Electronic Arts is extending its unsolicited takeover offer for Take-Two Interactive Software, but is threatening to withdraw the $2 billion bid unless a newly hatched shareholder rights plan is withdrawn, the company said Friday.

The actions are the latest in the long-running courtship ritual of the two videogame companies.

On the news, shares of Redwood City, California-based Electronic Arts climbed $1.16, or 2.4 percent, to $49.31 in afternoon trading, while shares of Take-Two edged down $.08, or .3 percent, to $25.53.


Earlier in the week, Take-Two had reiterated its contention that the $26 per share offer was inadequate and said the company plans to examine "strategic alternatives," including a possible merger with EA, after the scheduled April 29 release of the latest version of its franchise title, Grand Theft Auto IV.

New York City-based Take-Two has maintained that the timing of EA's offer, before the Grand Theft Auto release and in the midst of company turnaround efforts, is "opportunistic." On Friday, EA said it is extending its tender offer from April 11 to April 18.

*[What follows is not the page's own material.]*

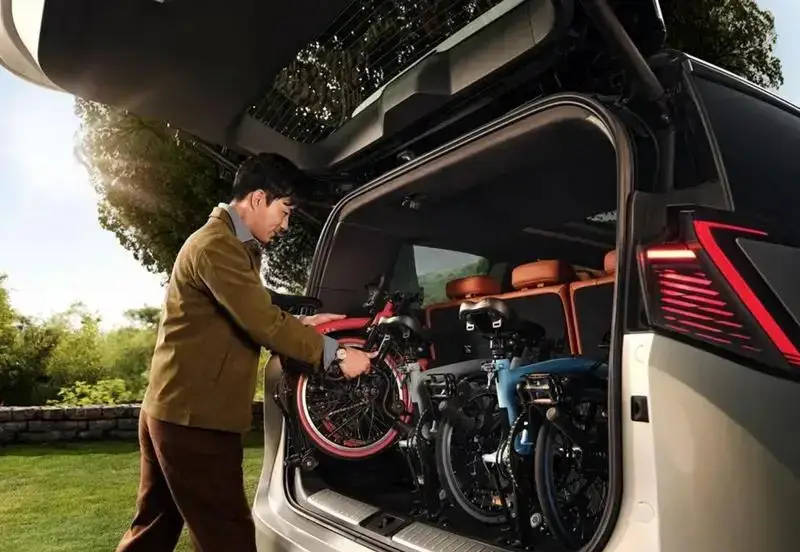 该车后备箱最大扩展容积可达1752L。即便三排满员,后备箱仍能容纳7只20寸行李箱加7个双肩包,或4套高尔夫大球包、4套专业钓具。在保障第二排舒适坐姿的前提下,放倒第三排座椅后,可收纳3辆26寸自行车,或2辆26寸自行车与2辆折叠车的组合。

On Wednesday, Take-Two also disclosed it had adopted a "poison pill," or shareholder rights program, designed to make a hostile takeover prohibitively expensive, and said it had received indications of interest from unidentified alternative suitors.

In response, EA argued that its $26 per share offer, a 64 percent premium over Take-Two's closing stock price on February 15, the day before the EA's latest offer was disclosed, represents fair value.

“The actions of the Take-Two Board may increase the risk for their stockholders by delaying a potential transaction,” Owen Mahoney, EA's senior vice president of corporate development, said in a statement. “We continue to believe that our $26 per share offer price is full and fair, and that a transaction between Take-Two and EA is the most compelling combination financially, strategically and operationally for all parties.”